Reference Sourcing and Traceability for Ophthalmology Registration Dossier Preparation

Core data for ophthalmology registration dossiers originates from clinical trial reports, pharmacology and toxicology studies, manufacturing process

Data Characteristics in this Category

Core data for ophthalmology registration dossiers originates from clinical trial reports, pharmacology and toxicology studies, manufacturing process documents, quality standards, and public information on similar products marketed domestically and internationally. Data update frequencies vary; clinical trial data typically generates in bulk after study completion, while adverse drug reaction monitoring data accumulates continuously. Document structures often follow ICH E3 (Structure and Content of Clinical Study Reports) or NMPA guidelines, exhibiting high standardization and templating. Fields include patient demographics, disease diagnosis, treatment regimens, efficacy endpoints (e.g., visual acuity, intraocular pressure, visual field), and safety data (e.g., ocular adverse events, systemic adverse reactions). Units strictly adhere to international standards, such as Snellen fraction or LogMAR for visual acuity, mmHg for intraocular pressure, mg/mL for concentration, and mg for dosage.

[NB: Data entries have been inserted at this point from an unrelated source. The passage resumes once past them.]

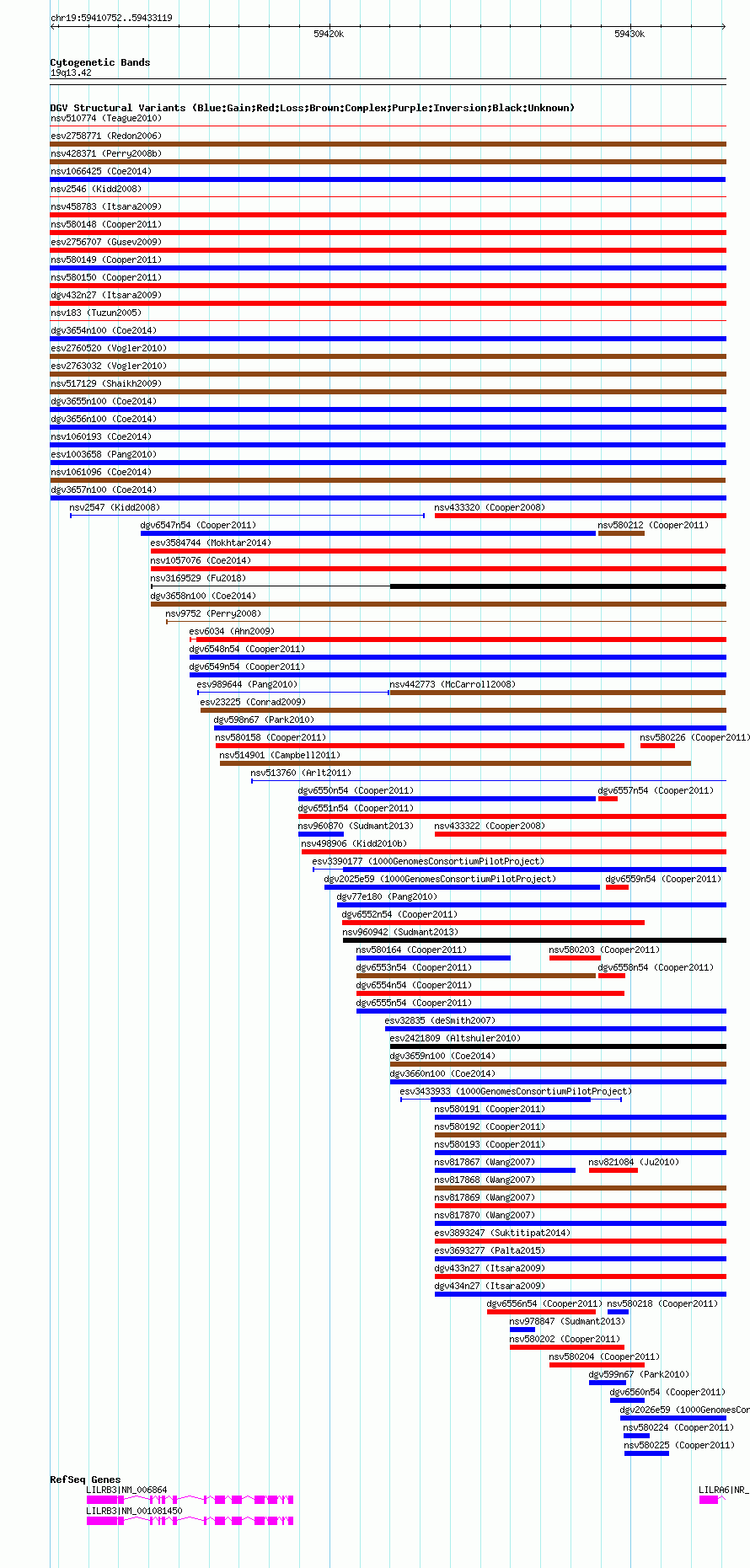 Variant DetailsVariant: nsv1061096| Internal ID | 19150315 | | Landmark | | | Location Information | | | Cytoband | 19q13.42 | | Allele length | | Assembly | Allele length | | hg38 | 22361 | | hg19 | 22368 | | hg18 | 22368 |
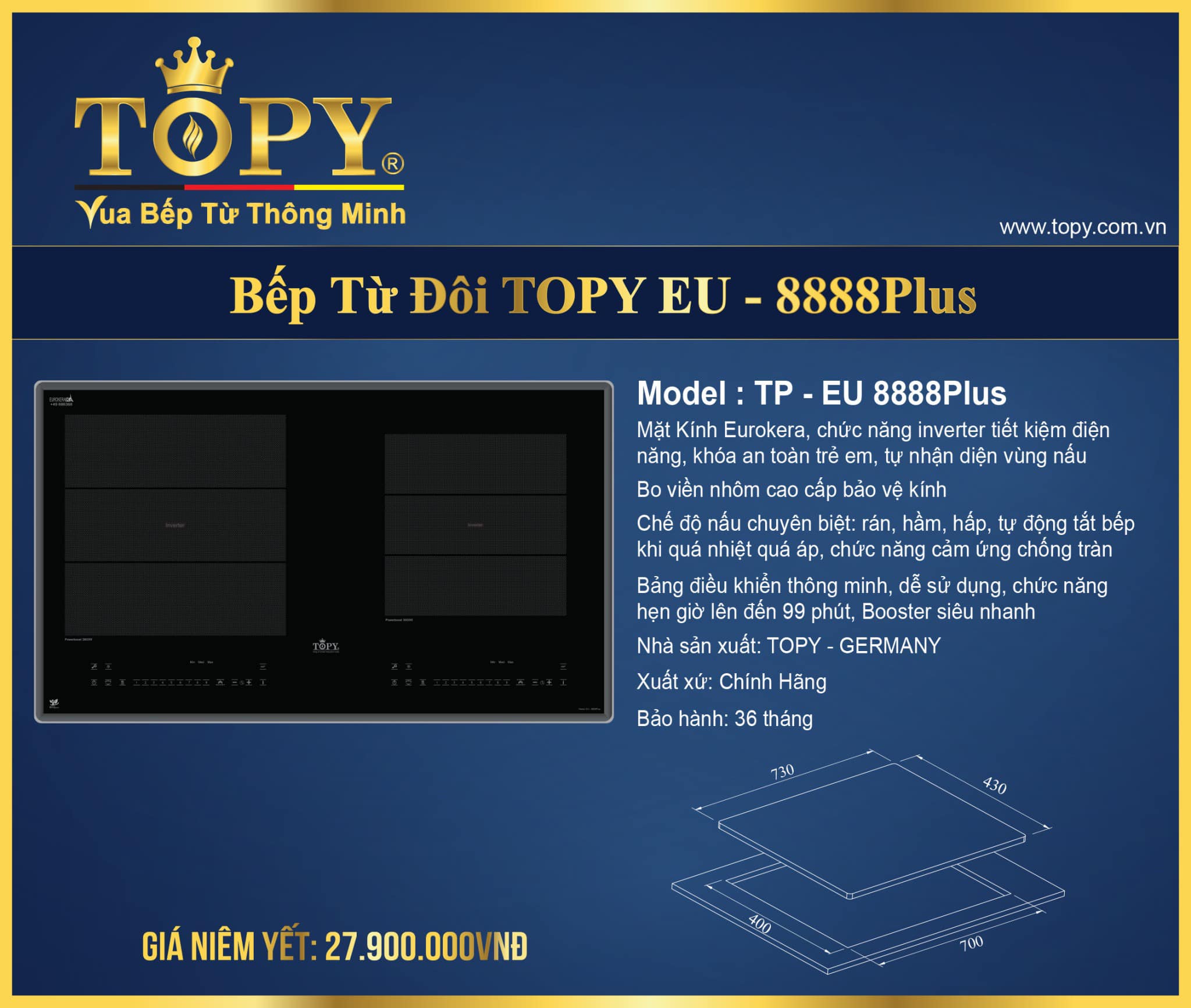 Bếp từ Topy EU-8888 PLUS là mẫu bếp từ nhập khẩu nguyên chiếc từ Đức mới nhất mang thương hiệu Topy có mặt tại thị trường Việt Nam. Sản phẩm sở hữu thiết kế vượt trội và những tính năng thông minh mang đến nhiều tiện ích hấp dẫn cho người dùng. Hãy cùng Bếp Thái khám phá mẫu bếp từ Đức đôi Topy EU-8888 Plus cao cấp này nhé!
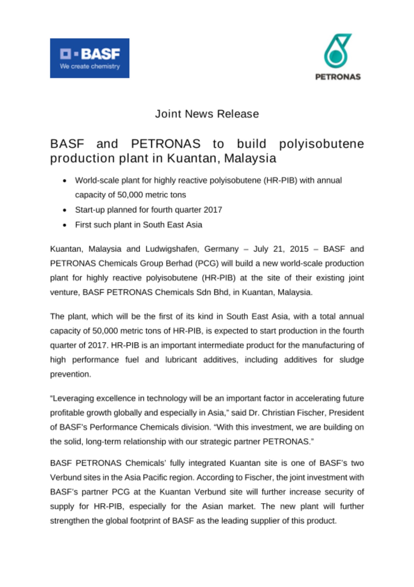 Kuantan, Malaysia and Ludwigshafen, Germany – July 21, 2015 – BASF and PETRONAS Chemicals Group Berhad (PCG) will build a new world-scale production plant for highly reactive polyisobutene (HR-PIB) at the site of their existing joint venture, BASF PETRONAS Chemicals Sdn Bhd, in Kuantan, Malaysia.
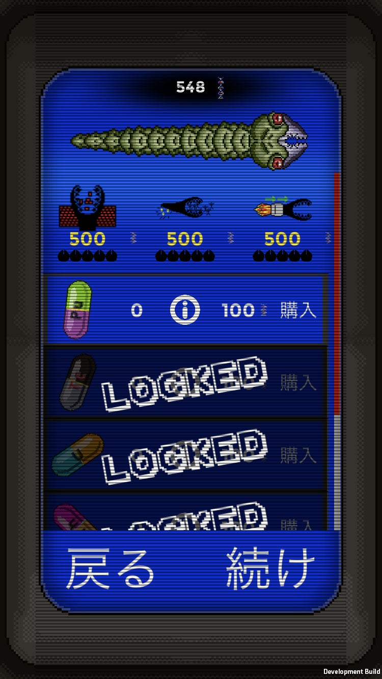 スコアが溜まるにしたがってウォームゼッドは進化して、もっと大きく、速くなります。
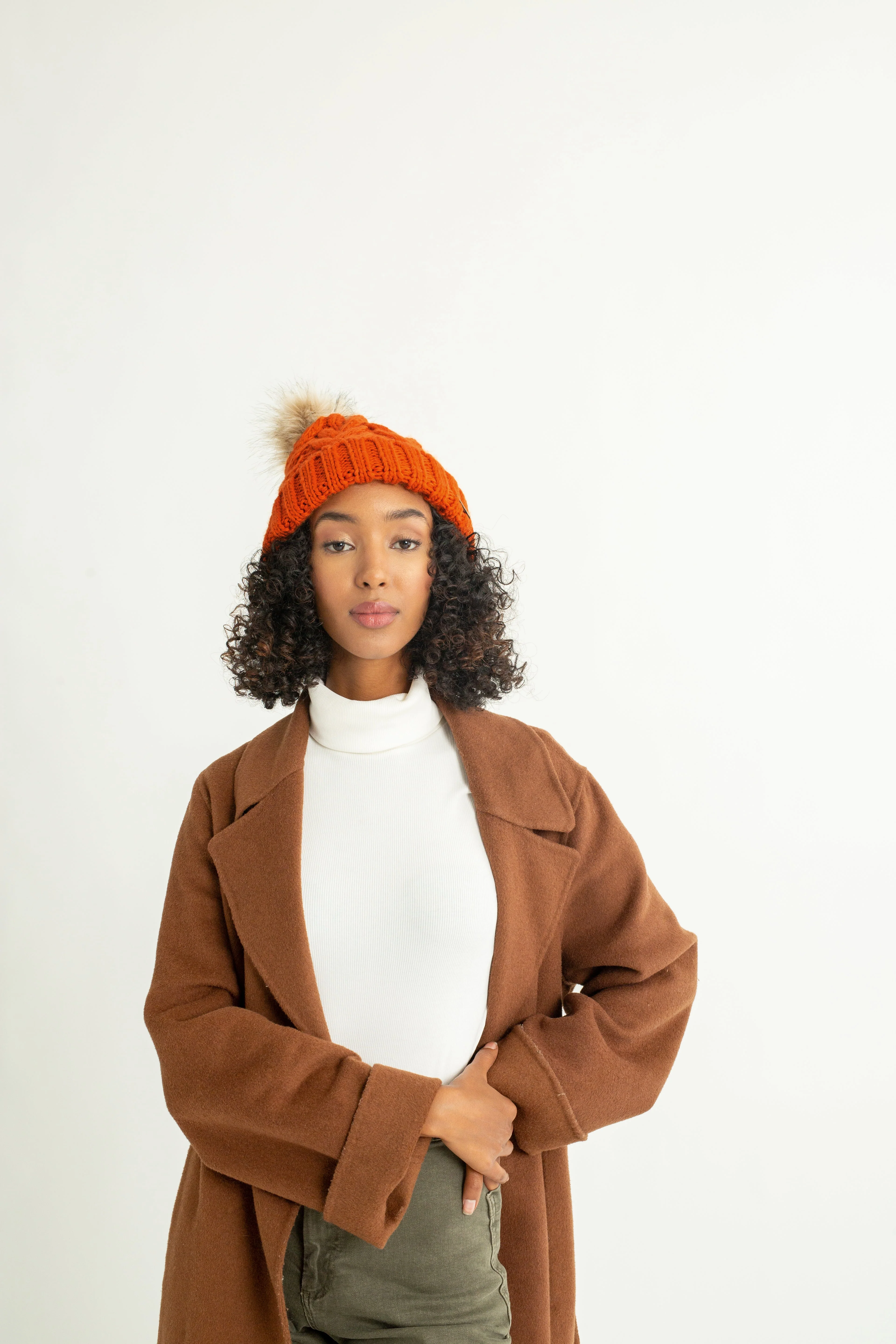 Orange Foldover Warm Slap w/ Pom

Constraints on Reference Sourcing and Traceability

The highly structured and standardized nature of ophthalmology dossiers makes identifying reference sources and tracing paths relatively clear. However, heterogeneous data sources (PDF clinical reports, Excel lab data, Word expert consensuses) challenge information extraction and knowledge base construction. Frequent regulatory updates and guideline revisions require rapid knowledge base synchronization to ensure reference timeliness. The precision requirements for key efficacy endpoints and safety data mean RAG retrieval needs high accuracy in text segment matching and contextual completeness to avoid misquotations from out-of-context snippets. Furthermore, complex cross-references between different source documents necessitate the system's ability to identify and link these internal references for deeper traceability.

Configuration Settings

Configuration ItemRecommended ValueRationale
Similarity threshold (Similarity Threshold)0.75–0.85Ensures high matching between retrieval results and ophthalmology terminology and regulatory clauses.
Chunk size (Chunk Length)800–1200 characters (characters)Accommodates longer paragraphs and contextual information in clinical trial reports.
Recall count (Recall Count)Top 8–12 entries (top 8–12)Covers multi-faceted evidence sources, enhancing traceability comprehensiveness.
Rerank result count (Rerank Return Count)Top 5 entries (top 5)Focuses on the most relevant core evidence, reducing irrelevant information interference.
Max Concurrent Searches3–5Balances retrieval efficiency with system resource utilization.
PARSE_FILE_TIMEOUT_SECONDS600 seconds (seconds)Addresses complex parsing demands of large clinical trial reports.

Common Pitfalls

  • Excessive and irrelevant quoted content may result from a Similarity threshold (Similarity Threshold) set too low, recalling too much low-relevance text.
  • Failure to cite important regulatory clauses or clinical data may result from a Chunk size (Chunk Length) that is too short, leading to truncation of key information or semantic loss.
  • Outdated document versions cited in query results may indicate that the knowledge base update mechanism is not synchronized with regulatory releases or data update frequencies, leading to insufficient timeliness of reference sources.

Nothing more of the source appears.